Picture 1

Overview

The renderer of my engine is designed with bindless rendering techniques and GPU driven rendering. Some of the features I implemented include:

  • Unified vertex memory using a custom allocator for mesh data.
  • GPU driven rendering using mesh shaders for frustum and hierarchical Z-Buffer occlusion culling.
  • Bindless textures and materials using texture arrays and SSBOs.
  • Mesh and mipmap texture streaming.
  • PBR rendering with realtime image based lighting, clustered shading, and cascaded shadow maps.
  • Image effects like ambient occlusion, eye adaptation, physically based bloom, volumetric sun shafts, and adaptive luminance.
  • A hardware accelerated path tracing reference renderer.

You can find a playable demo here which contains the Bistro scene. Note that your device will need to support Vulkan 1.3, mesh shaders, and ray tracing. Also, be aware that the demo might not be the most up to date version of the engine.

Below is a video demonstrating the renderer using the Amazon Lumberyard Bistro scene with all rendering features enabled.

Design Goals

Over 8K point lights

I knew from the start I wanted to implement modern rendering techniques like GPU driven and bindless rendering techniques. These techniques improve performance by decreasing the amount of communication that needs to occur between the CPU and GPU. I was inspired by two articles: one by Adrian Courrèges and another by Simon Coenen. They are both excellent analyses of the rendering techniques used by Id Software’s DOOM (2016) and DOOM Eternal respectively.

Implementation

Picture 3

My initial implementation of the renderer was written purely in Vulkan, but turned out to be extremely hard to maintain. There were a few pain points with Vulkan that led me to consider a redesign. In order of importance:

  • Synchronization is difficult to get right and, when done incorrectly, can lead to problems that are hard to debug.
  • Image layout transitions and pipeline barriers are similarly tedious.
  • The raw Vulkan API does not support RAII.
  • Render passes are objects, and pipelines require access to them during creation.

To solve these problems I designed a hardware abstraction layer built on top of Vulkan, which I named PAL. Synchronization turned out to be the most challenging aspect of the design because there is no one-size-fits-all solution for every application. I knew this going in, so I had to analyze my use case and determine what trade offs I was willing to make to achieve my primary goal of having no manual synchronization.

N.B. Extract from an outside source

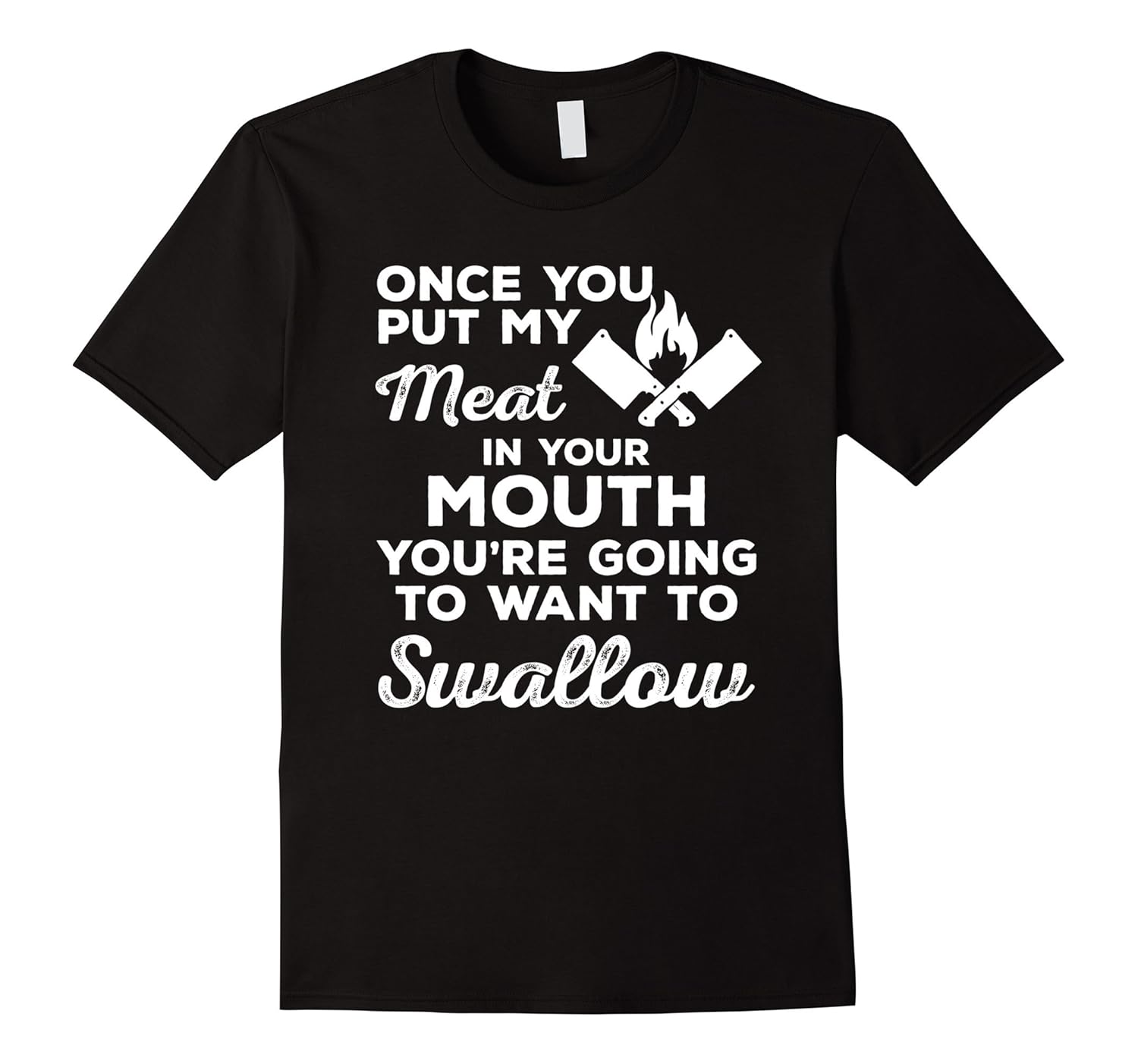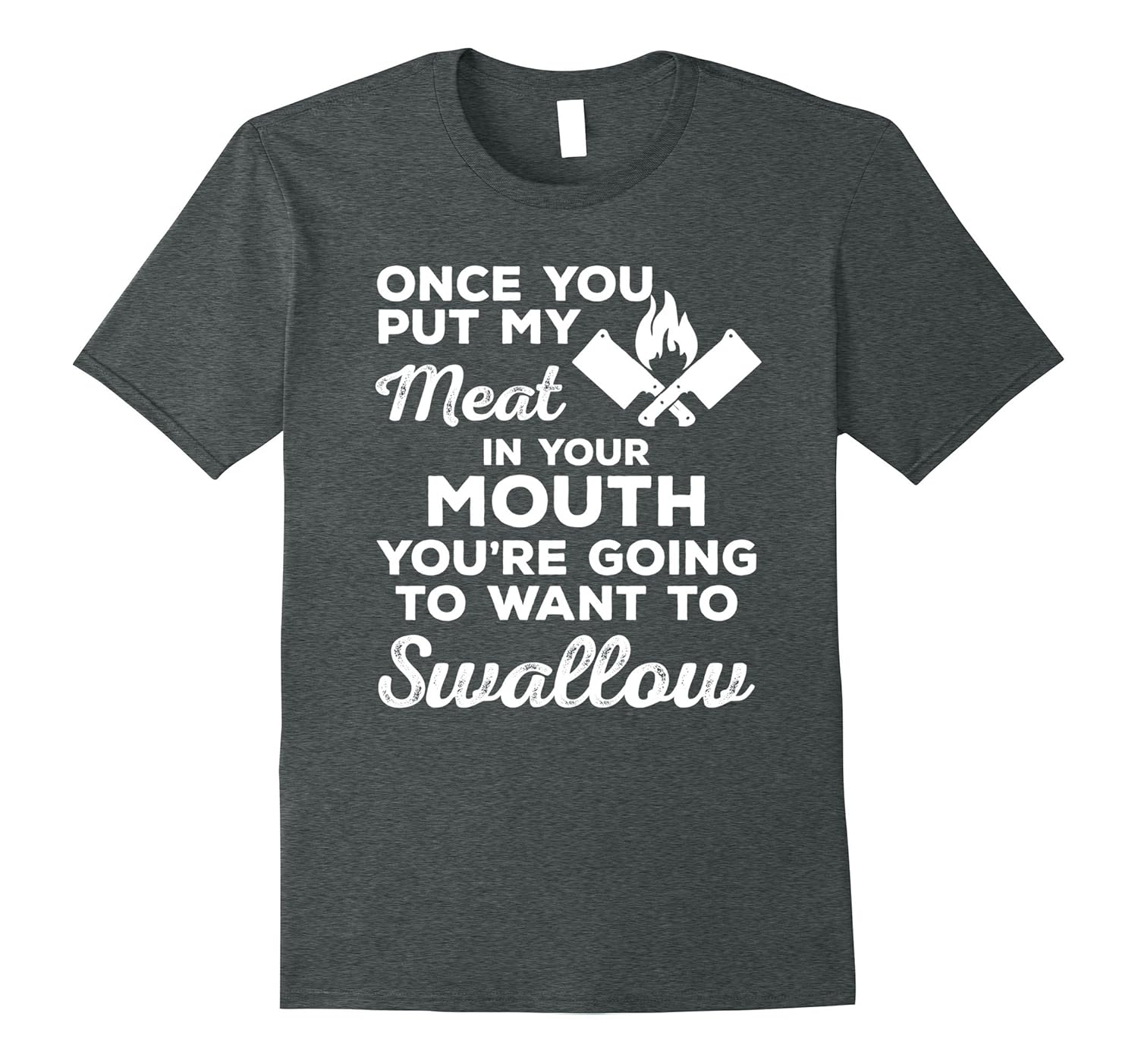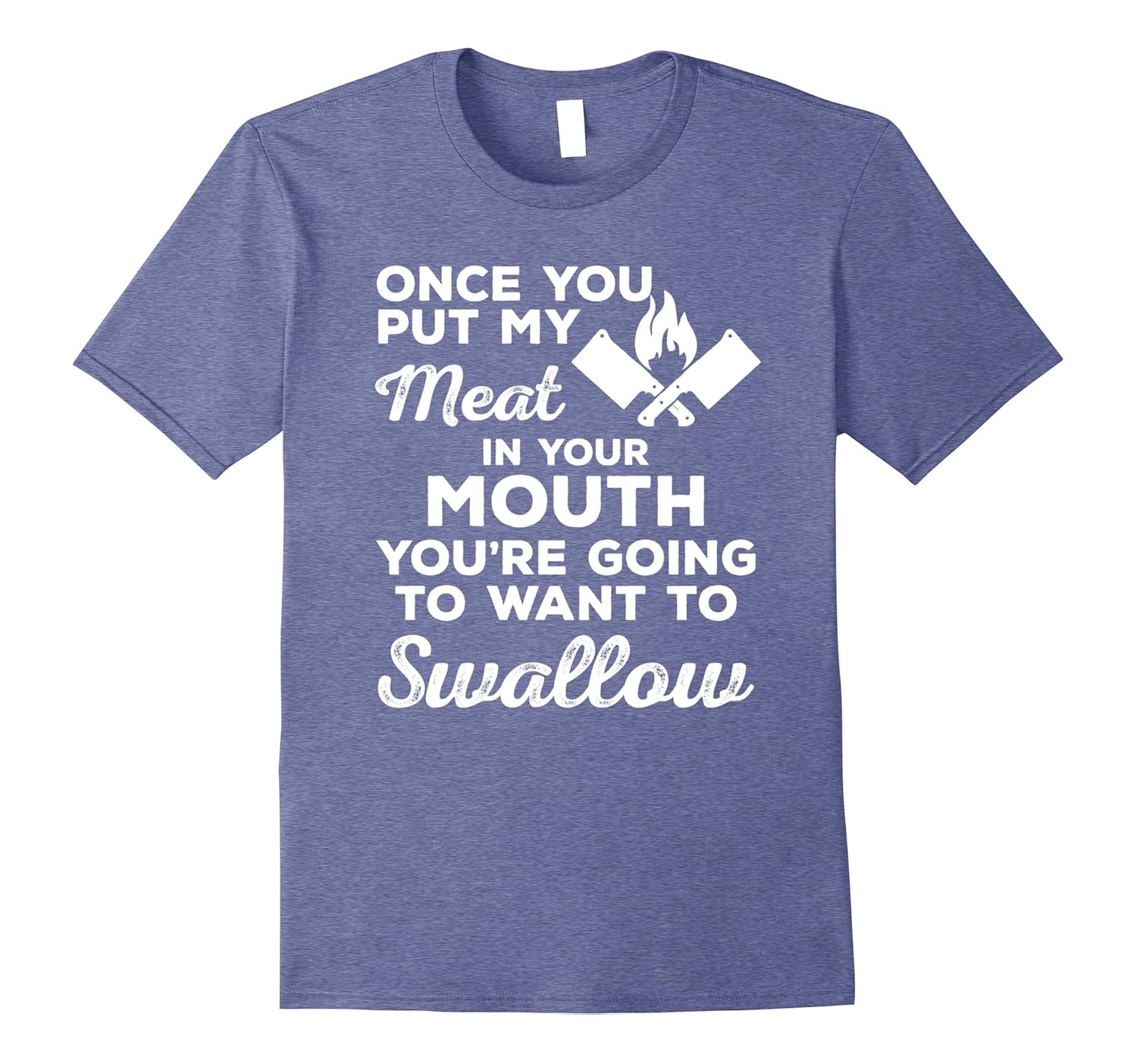 Solid colors: 100% Cotton; Heather Grey: 90% Cotton, 10% Polyester; All Other Heathers: 65% Cotton, 35% Polyester; Imported; Machine wash cold with like colors, dry low heat; Our funny Andamp; sarcastic BBQ tee makes a great gift for head chef waitress pastry chef food scientist technologist entrepreneur cookbook author or restaurant owner! Wear this with your sous chef hat commis cap coat apron or outfit.; Perfect for chefs or cooking related skilled workers like butchers coworkers top chefs passion for foods Andamp; culinary school graduate. Once you put my meat in your mouth youre going to want to swallow BBQ shirt is Fitted T Please Order a size up if unsure.; Lightweight, Classic fit, Double-needle sleeve and bottom hem

The redesign was a huge step in the right direction. The code base for the renderer is much smaller and less complicated than it used to be, while also having more features than the previous design.

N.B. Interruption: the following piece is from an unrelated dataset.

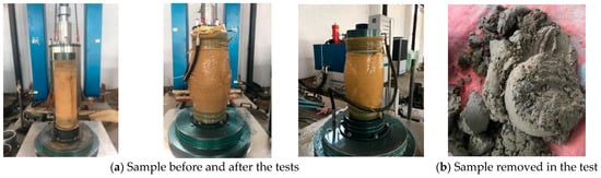 - The name was set, and pressure was applied to the sample via the proper triaxial test procedure. When the pressure exceeded 100 kPa, valves 1 and 4 were opened to release the air pressure and waited until the applied pressure was reached. The axial force on the sample was applied, the shearing stage started, and the test continued until the sample reached failure [,,]. Figure 6 show the sample processed after and before the triaxial test.
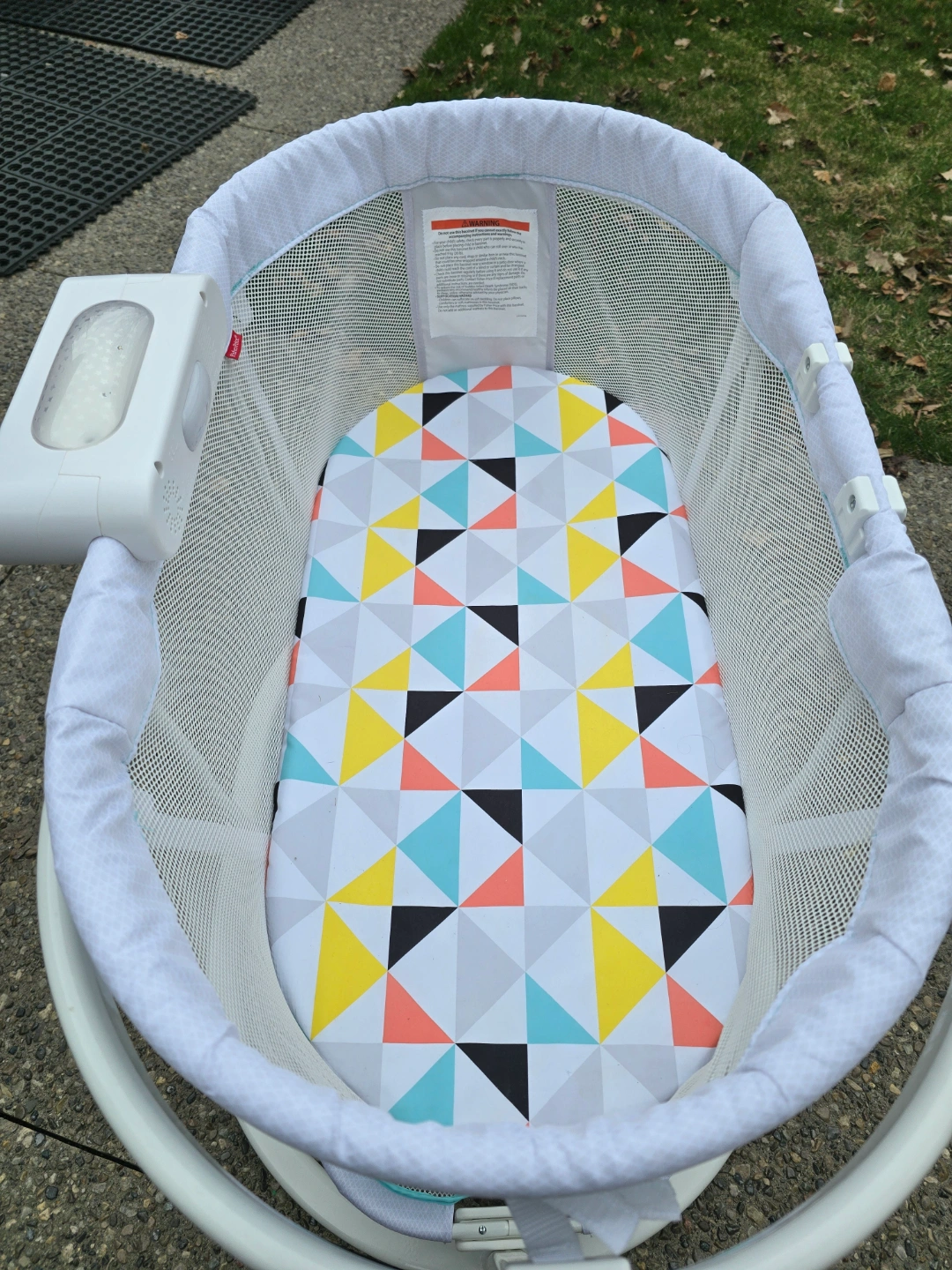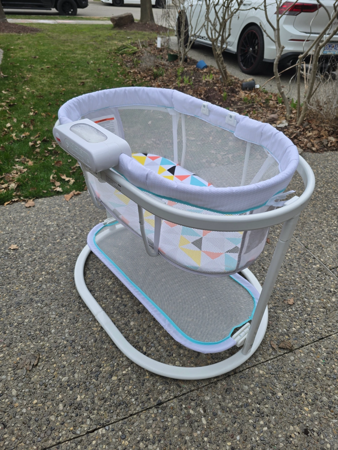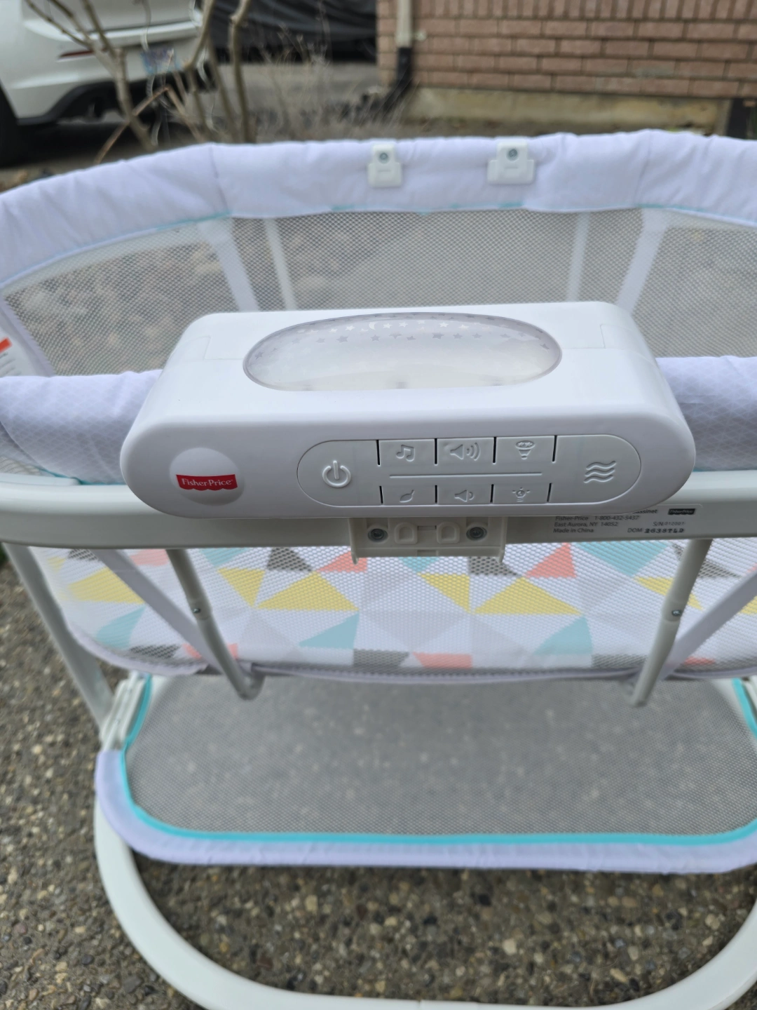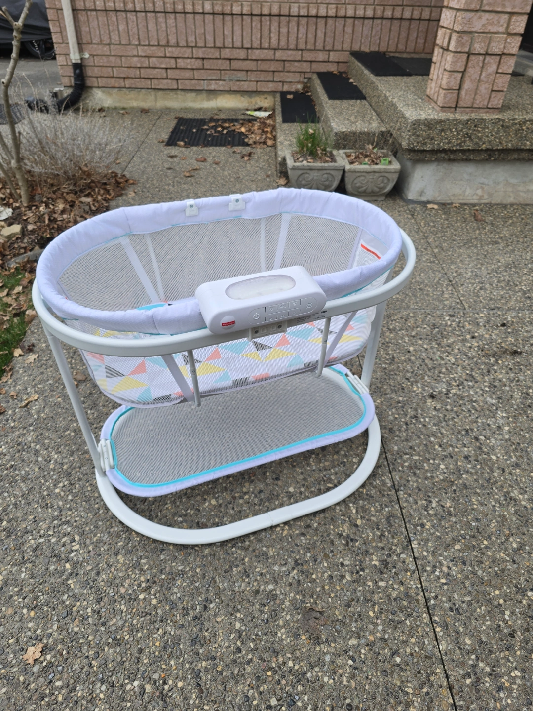 10Baby bassinet with soothing vibrations. Features include light and sounds. Portable and lightweight design. Geometric patterned mattress included.

A small example of the hardware abstraction layer can be seen here:

...

// This code comes from an example of PAL on the engine's GitHub page. It is run in a render loop.

// This write is being performed on the CPU and synchronization with the GPU is automatically performed.
uniform_buffer
    .write(0)
    .unwrap()
    .copy_from_slice(bytemuck::cast_slice(&[UniformData {
        offset: [timer.cos() * 0.1, timer.sin() * 0.1],
    }]));

// Render passes are self contained, meaning you can't do things like perform draw calls outside of a render pass, 
// making the API harder to misuse.
command_buffer.render_pass(
    // Render passes in PAL are not objects which is unlike Vulkan. Instead, you define render passes at the location 
    // they are used. Internally, VkRenderPass objects are cached.
    RenderPassDescriptor {
        // Image layout transitions are handled automatically. No pipeline barrier necessary!
        color_attachments: vec![ColorAttachment {
            source: ColorAttachmentSource::SurfaceImage(&surface_image),
            load_op: LoadOp::Clear(ClearColor::RgbaF32(0.0, 0.0, 0.0, 0.0)),
            store_op: StoreOp::Store,
        }],
        depth_stencil_attachment: None,
    },
    |pass| {
        // Pipelines can be used in any render pass as long as they have compatible attachments.
        pass.bind_pipeline(pipeline.clone());

        pass.bind_sets(0, vec![&set]);

        // These buffers were written to on a transfer queue. Appropriate semaphores are used for synchronization 
        // on submit.
        pass.bind_vertex_buffers(
            0,
            vec![VertexBind {
                buffer: &vertex_buffer,
                array_element: 0,
                offset: 0,
            }],
        );
        pass.bind_index_buffer(&index_buffer, 0, 0, IndexType::U16);

        pass.draw_indexed(3, 1, 0, 0, 0);
    },
);

// All resources and certain operations can be given debug names which show up in programs like RenderDoc.
context.main().submit(Some("main_pass"), command_buffer);

...

// At the end of execution, all resources are cleaned up using RAII.

Room For Improvement

There are certainly things I look forward to implementing in the future to improve the quality of this piece of my engine.

  • PAL is still in a “pre-release” state and is missing features like support for multithreaded command recording.
  • Static geometry culling could be accelerated using something like a BVH.
  • The renderer is missing certain features such as point and spot light shadows, mesh level of detail, and particles.
  • I’m very interested in using the ray tracing API to do realtime global illumination and realtime reflections.